Цыгане попрыгали на лошадей и молча метнулись в темноту. Следом за ним помчались освобождённые кони беглецов. Стук копыт ещё был слышен, а его уже заглушал нарастающий шелест: чёрные тучи разродились наконец дождём. Несколько капель упали на разгорячённое, покрытое пылью лицо Симки, мягко ударили по губам, и девушка жадно слизнула эти капли. Повернувшись, Беркуло увидел, как ярко блестят из темноты белки её глаз и светятся в улыбке зубы.
– Слыхала, что брат твой сказал? – посмеиваясь впотьмах, спросил он. – Назад тебе теперь ходу нет.
– А мне и не нужно! – Симка на миг прижалась мокрой щекой к его плечу. – Идём? До станции далеко ещё?
– Версты две будет. Эх, ведь почти удрали уже! Хорошие у твоего деда лошади! Кабы ты с них ещё кулем не валилась…
– Смеёшься всё! – обиделась Симка. – Будто ваши кишинёвки верхами ездить умеют! А у меня теперь ни одного целого бока нет! О-о-ох… А… ты бы правда выстрелил?
– Зачем? – Беркуло усмехнулся, услышав в её голосе скрытый страх.
– Ну-у… а если бы парни не послушались?
– Послушались же. – Беркуло обнял девушку за плечи, незаметно пряча в карман «наган».
Симка вывернулась. Косясь на его карман, с той же опаской спросила:
– А пуль в этой твоей штуке много?
– Семь… Не устала, девочка? – Цыган поторопился сменить тему. – Ничего, чуть-чуть осталось. На станции мы с тобой в вагон влезем – и до Ростова. А там уж наших найдём. И свадьбу сыграем.
– Твои сердиться не будут, что ты чужую цыганку за себя взял? – вдруг встревоженно спросила Симка. – Не свою, не кишинёвку?

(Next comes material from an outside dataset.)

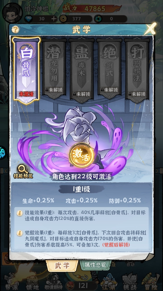 7、达到22级可以激活武学,提升战斗能力。

– Я, девочка, давно сам себе хозяин. А наши не рассердятся, нет. За такую красоту кто ж сердится? И петь так, как ты, у нас никто не умеет. Все обрадуются, что я такое счастье привёз… – Беркуло вдруг взял в ладони её мокрое лицо, повернул к себе, вгляделся пристально, без улыбки. Не отводя взгляда, сказал: – Брат твой, между прочим, правду говорил. Пойдёшь за меня – полжизни будешь из тюрьмы ждать. Наши все такие, вы поэтому кишинёвцев и не любите. Хочешь такого, девочка? Коли нет – возвращайся, пока цела. Я тебя ещё не трогал, честной к деду придёшь.
– Не пойду я никуда, – мрачно сказала Симка. – Не пойду от тебя. Передумал, избавиться захотел – так и скажи!
– Дура! – рассмеялся Беркуло, целуя её в сердито сомкнувшиеся губы. – Идём! Скоро светать будет.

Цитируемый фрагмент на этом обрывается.